Sep 30, 2007, 11:29 AM
Post #9 of 74
Here's a note on dating people from your own program.
Re: [pongo] MFA & Relationships
I had the experience of meeting a guy when I was doing my MA, dating for a year and a half, and even getting engaged. Then, it didn't work out, which was a total nightmare. Granted, we had a pretty tumultuous relationship anyway, but...
If you date someone from your program, you have the added pressure of seeing the person multiple days a week in class, and likely sharing the same group of friends. Then, I think it is difficult to avoid situations of competition, especially if one or both of you have inflated egos, which--let's face it--is common among grad students of any discipline. Finally, you have to face the fact that, if you have a fight or "problems" of any kind, then everyone else in your department is going to know about it, and people inevitably form opinions and often take sides.

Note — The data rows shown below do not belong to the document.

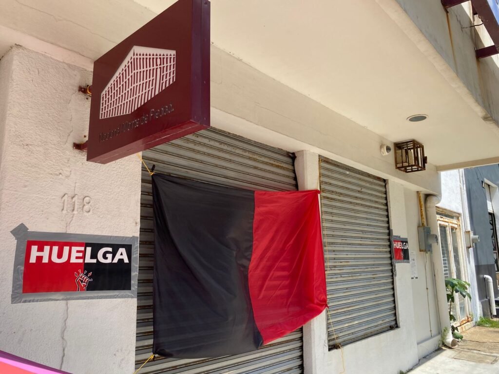La bandera rojinegra continua colgada en la sucursal de “Monte de Piedad” en Coatzacoalcos, y en las casi 300 sucursales que existen en todo el pais.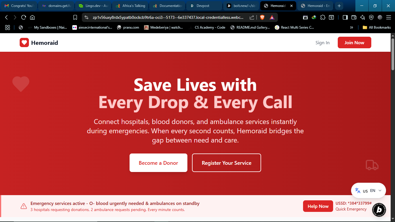 In my home country, getting a blood transfusion could mean the line between life and death. In evets when hospitals have no blood in their banks, families of loved ones use social media to appeal to the public for help. Such was the case during demonstrations last year in June where most injured people needed blood but without a proper structure of getting it to the hospitals they were in. Hece the inception of Hemoraid, a web app which ensures that blood donations appealsgo to the right people in time for them to go donate blood. Ambulances are also not fully intergrated in the health emergency helpline and the webapp allows for organisations running ambulance services to respond to calls at the tap of a button.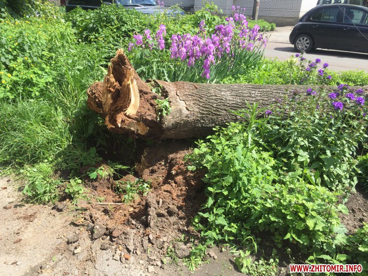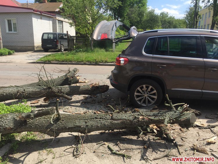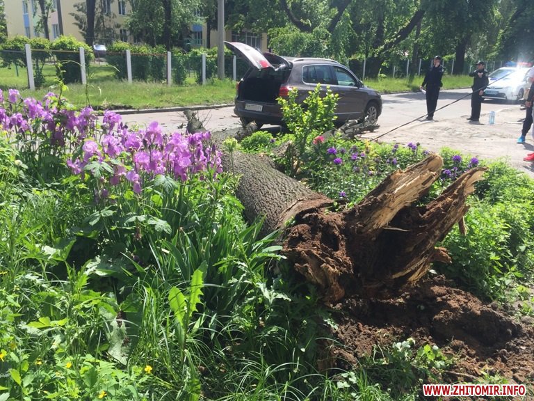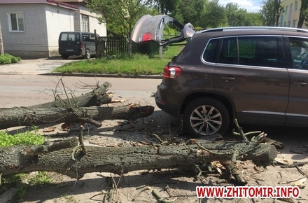 У Жиитомирі 21 травня на вулиці Довженка, 6 дерево впало на автомобіль та травмувало людину.

Still, it's pretty rewarding to be in a relationship with someone who shares your interests and passion for writing and intellectual development. But it might be better to pick up somebody from a different department, I don't know.

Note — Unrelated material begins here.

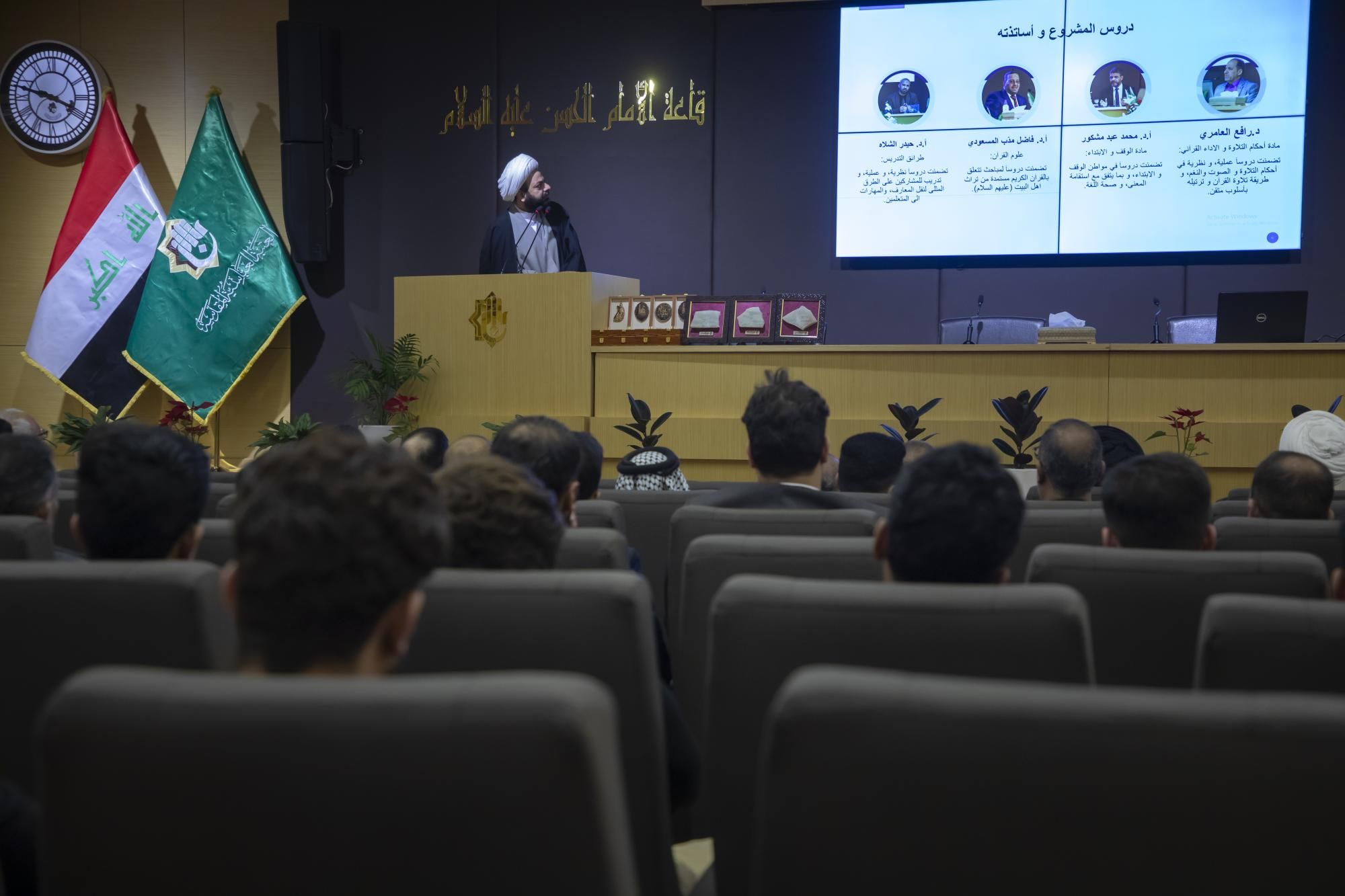أطلق المجمَع العلميّ للقرآن الكريم في العتبة العبّاسية المقدّسة، فعاليات الحفل المركزي لمشروع الكفيل القرآني التخصّصي الوطني الرابع.rnrnويقيم المشروع معهد القرآن الكريم في العتبة المقدسة التابع للمجمَع، بحضور عضو مجلس إدارة العتبة العباسية الدكتور عباس الددة الموسوي، ورئيس المجمَع العلميّ الدكتور مشتاق العلي وعددٍ من رؤساء الأقسام، والعديد من المهتمّين بالشأن القرآني.rnrnواستُهِلَّ الحفل بتلاوةٍ عطرةٍ بصوت القارئ الدكتور رافع العامريّ، أعقبتها قراءة سورة الفاتحة المباركة ترحّماً على أرواح شهداء العراق، جاء بعدها عزف النشيد الوطني العراقي وأنشودة العتبة العبّاسية (لحن الإباء)، تلتها كلمةُ المجمَع العلميّ للقرآن الكريم التي ألقاها مدير المعهد الشيخ جواد النصراوي، وبعدها كلمة ممثّل الطلبة وألقاها الدكتور أحمد مسلم الحسيني.rnrnوقال معاون رئيس المجمَع الدكتور لواء العطية، إن 11111المجمَع العلميّ احتفل بتخرّج دورةٍ جديدة ضمن مشروع الكفيل الوطني التخصّصي بنسخته الرابعة، من أساتذةٍ قد حصلوا على دروس في أحكام التلاوة وعلوم القرآن وقواعد الوقف والابتداء وطرائق التدريس الحديثة11111.rnrnوأضاف 11111شارك في هذه الدورة التي استمرّت لمدّة سنة كاملة قرابة (120) طالباً من مختلف محافظات العراق، وتلقّوا دروساً على يد أربعة أساتذة متخصّصين وهم أستاذ مادة أحكام التلاوة الدكتور رافع العامري، وأستاذ مادة الوقف والابتداء الدكتور محمد عبد مشكور، وأستاذ مادّة علوم القرآن الدكتور فاضل المسعودي، وأستاذ مادّة طرائق التدريس الأستاذ الدكتور حيدر الشلاه11111.

And then, if you end up with someone from the "Suit world" that has no interest in writing and literature, that individual might have difficulty fitting in with your MFA friends. That could especially be a problem if this person moves with you to the place where you are studying, and doesn't have any friends of his or her own in that location. He or she might also come to resent the fact that you don't have to appear at work at 9am and sit in a cubicle until 5:00, and that you seem to have more fun than most Suits do.